And now for something different... multipage scanned images

Larry Masinter (masinter@parc.xerox.com)
Fri, 13 Aug 1993 22:54:10 PDT


I've been puzzling how to reasonably integrate into WWW and XMosaic
access to multi-page documents that are *only* available as multi-page
images. We (and a number of other organizations) have large
collections of documents that are only available currently on paper.

Some of them are just a few pages; many reports are 40-50 pages, and,
of course, many books are hundreds of pages.

It is reasonable -- at least as reasonable as sending talk radio -- to
think about reading books on a high-resolution screen across the
internet.

The question is, how to build this kind of access into WWW.

The first thing to realize is that it isn't reasonable to transfer the
entire document before starting to read it.

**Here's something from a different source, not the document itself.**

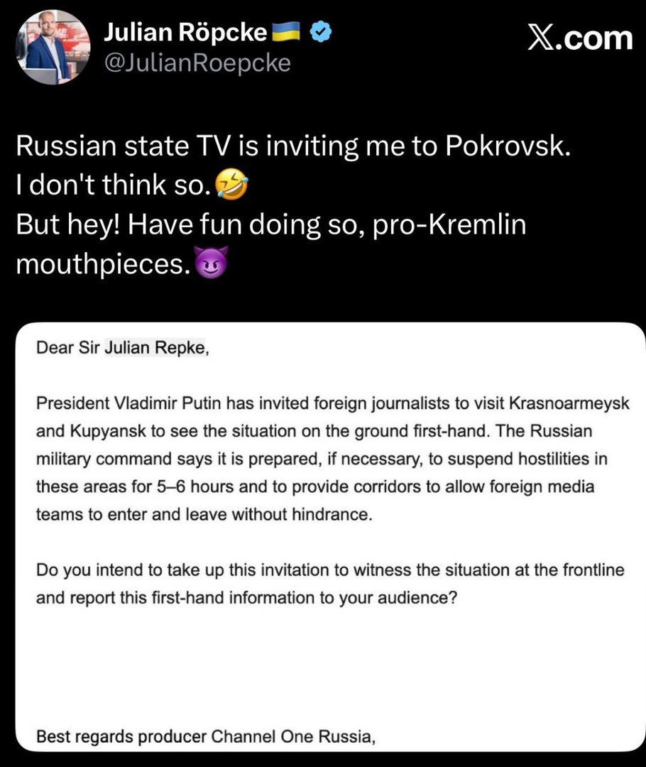 Der Bild-Propagandist Julian Röpcke hat eine an ihn persönlich gerichtete Einladung aus Russland, in die Kampfgebiete in Kupjansk und Krasnoarmejsk (Pokrowsk) zu reisen und über die Lage vor Ort zu berichten, ausgeschlagen. Das teilte Röpcke selbst auf X (vormals Twitter) mit. Er postete am Freitag die auf Deutsch verfasste Einladung und kommentierte sie auf Englisch mit den Worten:

That might work for
something that is a page or two, but doesn't work well at all for a
30-40 page report, and much less for a 300 page book.

A typical page image scanned at 300 DPI binary and compressed with T.6
(Group 4) compression might be 30-50K bytes.

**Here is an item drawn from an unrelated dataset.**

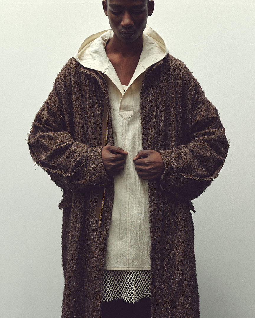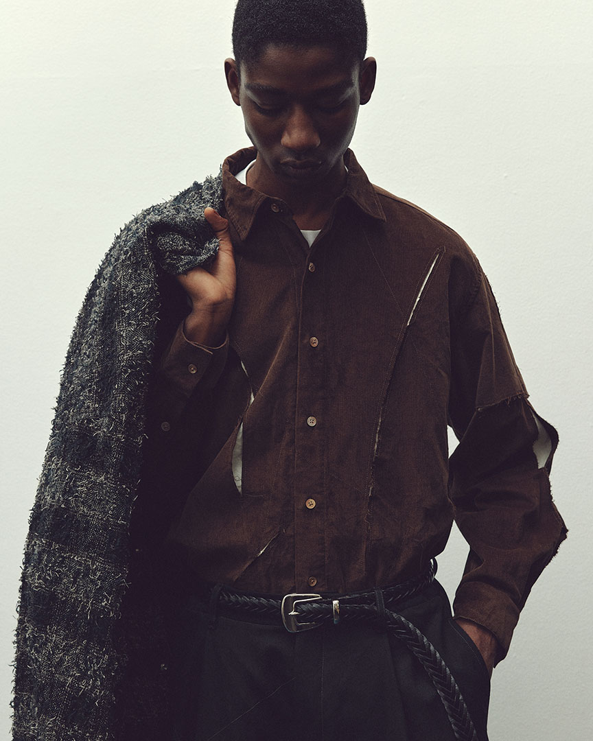 2023AWよりブランド設立。手仕事を加えること。普遍的とされている洋服の中に、ブランドとしての装飾で彩る。コードワークなど様々なディテールがEMAMの彩りであり、その彩りが輪郭となる。構造美の追求と遊び心に向き合う。個々の視点が交じり合う。混ざりきらない混沌とした色を作り上げ、EMAMの色を創造する。

A couple of alternatives come to mind:

a) try to squeeze this into HTML+++ somehow.
I've thought of some possibilities here, along the lines of the
current discussion of online 'books' with chapters and indices, but
allowing for inline images to be retrieved as 300DPI compressed
binary, but decompressed and antialiased to grey by the client).

b) create a new document type application/bookreader, and a specific
application 'bookreader' which knows how to deal with 'books'. It
would be reasonable for a 'book' to consist just of a list of URLs or
URNs, one for each page, and build a special bookreader that retrieves
the images as you're reading the document online.

(a) seems hard, and I'm leaning toward (b). (b) has the slight
advantage that it can be shoehorned into systems that currently only
do 'gopher'. Have others thought of this issue? Opinions? Ideas?

-- Larry

p.s. it seems pretty clear that you can't get more concrete with
'presentation' than an image of the page.